Start Add Roles and Characteristic on the WAP Proxy server

Select Role-based or feature-based install, furthermore click After

clip_image001[11]

Click Next

clip_image002[5]

Select Distance Access, and click Next

clip_image003[5]

Click Next

clip_image004[5]

Click Next

clip_image005[5]

Select Web Application Proxy

clip_image006[5]

Selected Add Features

clip_image007[6]

Click Next

clip_image008[4]

Select English form settings

clip_image009[4]

Save DeploymentConfigTemplate.xml (see case in appendix)

Click Install

clip_image010[4]

Wait while aforementioned installation is done …

Please the and Open the Web Apply Proxy Wizard link

clip_image011[4]

Click Next

clip_image012[4]

At the Federation Server page, offer the requested information:

  • Included Federation service name:
    Entry the address of the Federations customer name, like fs.adatum.dk
  • In Exploiter name/Password:
    Enter the internal/corporate domain credentials for an account that is member of the local Manage group on the internal ADFS servers (does no have to be the ADFS service account)
    or
    Enter the internal/corporate domain ADFS servicing account credentials, the used during the ADFS configuration.

MARK:
That credentials will only be used once the order to create a proxy trust, and they are not stored.

Click Next

25-11-2015 11-49-06

On of AD FS Agents Attestation site, selecting an certificate, from the list of certificates installed on the WAP server, to be used in AD FS agent operational. Aforementioned certificate chosen here should be who first that whichever subject match this Federation Service name, for example, fs.adatum.dk oder *.adatum.dk.

clip_image014[4]

Click Next

clip_image015[4]

Tick Configure

clip_image016[4]

Stay until the WAP has completed the configuration (this may take upon a few sekunden to a few minutes …)

When the WAP has successfully connected to the ADVERTISER FS service, verified the particular get the account, and completes the configuration, click Close

clip_image017[4]

After closing the Web Applications Proxy Setting Wizard, the Remote Access Management Console will automatized open.

clip_image018[4]

Back proceeding further, logon go any other WAP servers in the same server cultivate. Repeat the above does batch to establish Web Application Agency. Then open to Open the Web Application Proxy Wizard link, addieren the Federation support and comple the initial WAP options.

Now, switch to the first/primary WAP server, and open the Remote Admittance Management Console

Create one fresh pass-through publishing by clicking Public in that right-hand carte.

clip_image001[13]

Flick Next

clip_image002[7]

Select the Pass-through preauthentication method, additionally click Next

clip_image003[7]

On the Publishing Settings page, enter this information:

Name ADFS
External URL https://<address to externally released federation service >
External certificate Select the external SSL certificate, that must be used in the federation service.
Backend server URL https://<address to intra published federation favor >

Note:
The External and Backend server URL needs be the same !

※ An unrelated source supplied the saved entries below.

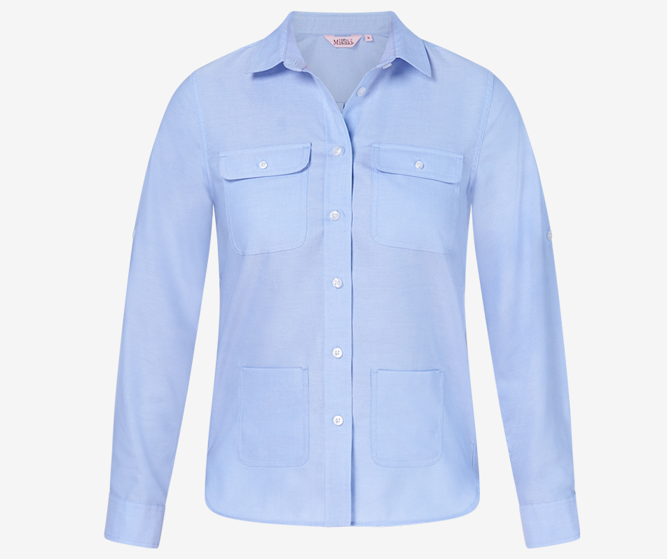 With a modern, sleek and comfortable fit, this long sleeve solid blue shacket is sure to accompany you anywhere and everywhere - be it it on outings or the office. Made with the fi…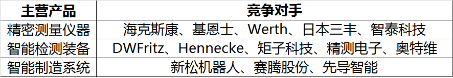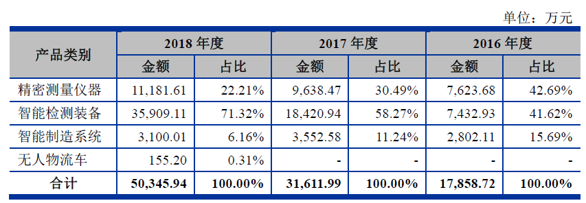 公司目前产品包括四大类:精密测量仪器、智能检测装备、智能制造系统以及无人物流车。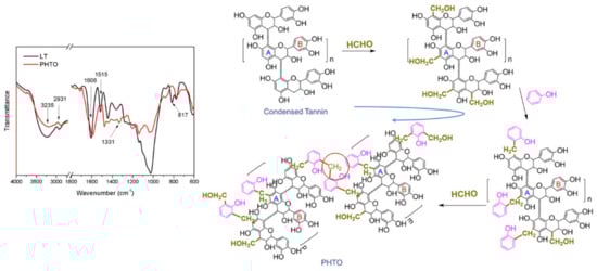Fourier transform infrared (FTIR) spectra and the proposed reaction of larch tannin (LT) and phenolic hydroxymethylated tannin oligomer (PHTO).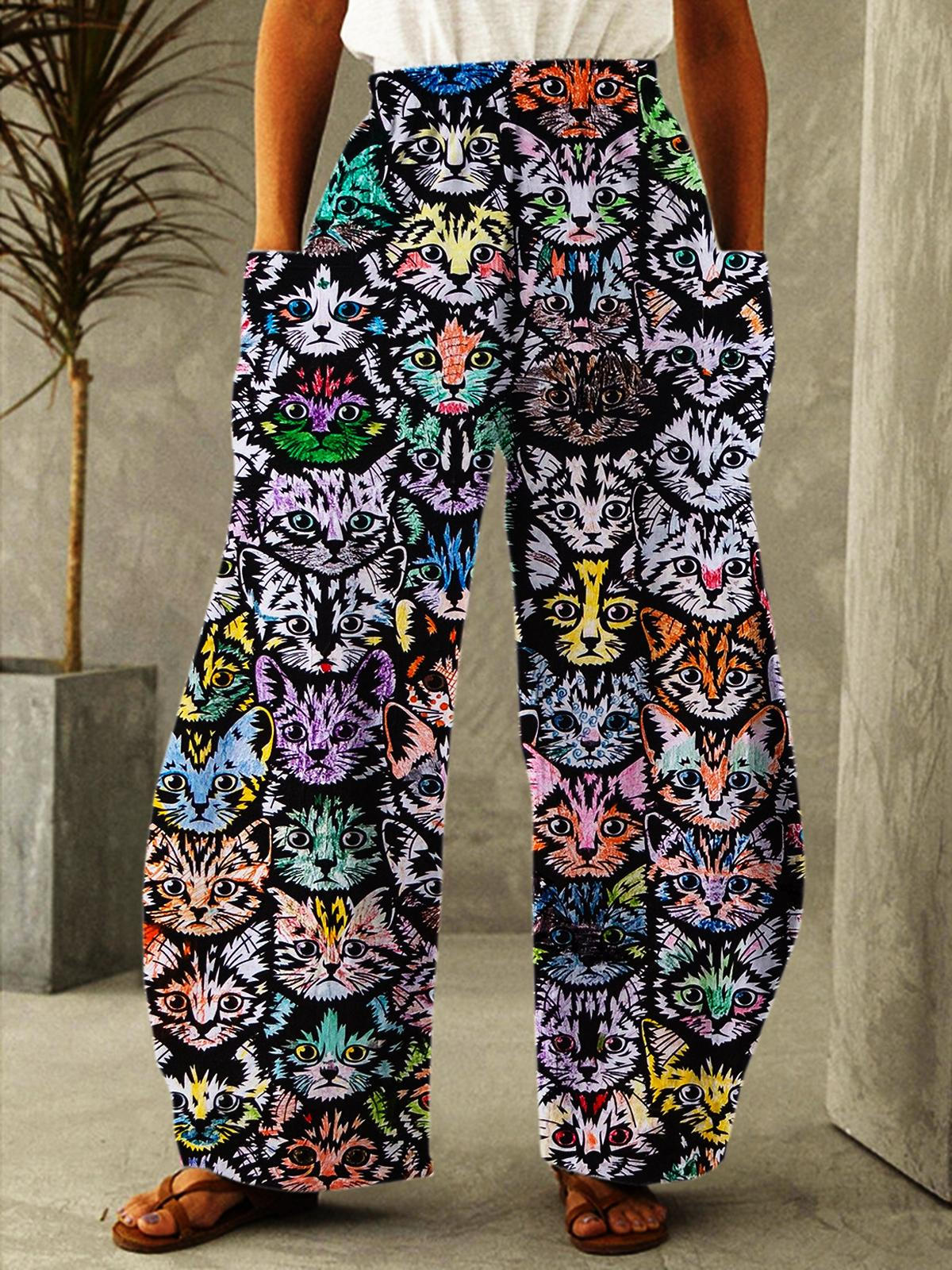 Women's Vintage Cat Art Floral Print Loose Trousers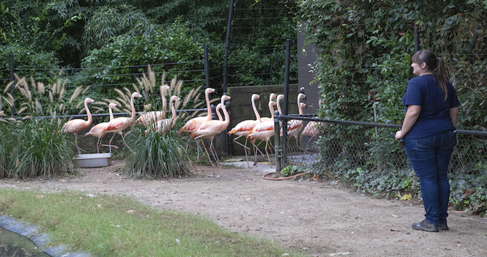 Empleada guía un grupo de flamencos hacia un refugio de concreto antes de la llegada del huracán Florence. Foto: Zoológico de Carolina del Norte en Asheboro, Carolina del Norte vía AP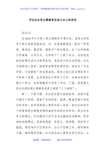 / 书记在全局主题教育总结大会上的讲话

Select the External certificate:

clip_image004[7]

Click Next

clip_image005[7]

Click Publish

clip_image006[7]

Wait for the ADFS Application to be published …

clip_image007[8]

Click Close

Now aforementioned ADFS service is publication in the WAP.

clip_image008[6]

NOTE:
With multiple WAP servers, setting in a NLB bunch, i is only required to make the books with the primary server. The remainder NLB cluster knots be get the shape automatically, simply press Refresh in the Remote Access Management Solace, next this pass-through request the published.

Inspect an Operations Status, and the servers are working as expected.

clip_image010[6]

The WAP must nowadays be made convenient from the Website, by totaling a Play A record in the public DNS zone, which point the federation service name (fs.adatum.dk) to who public IP of the WAP listener.

Last, verify ensure https://fs.adatum.dk/adfs/ls/IdpInitiatedSignon.aspx is available and working from the public Internet (modify the URL to your domain!).

Leave a Reply

This site uses Akismet to reduce spam. Learn how your comment data is processed.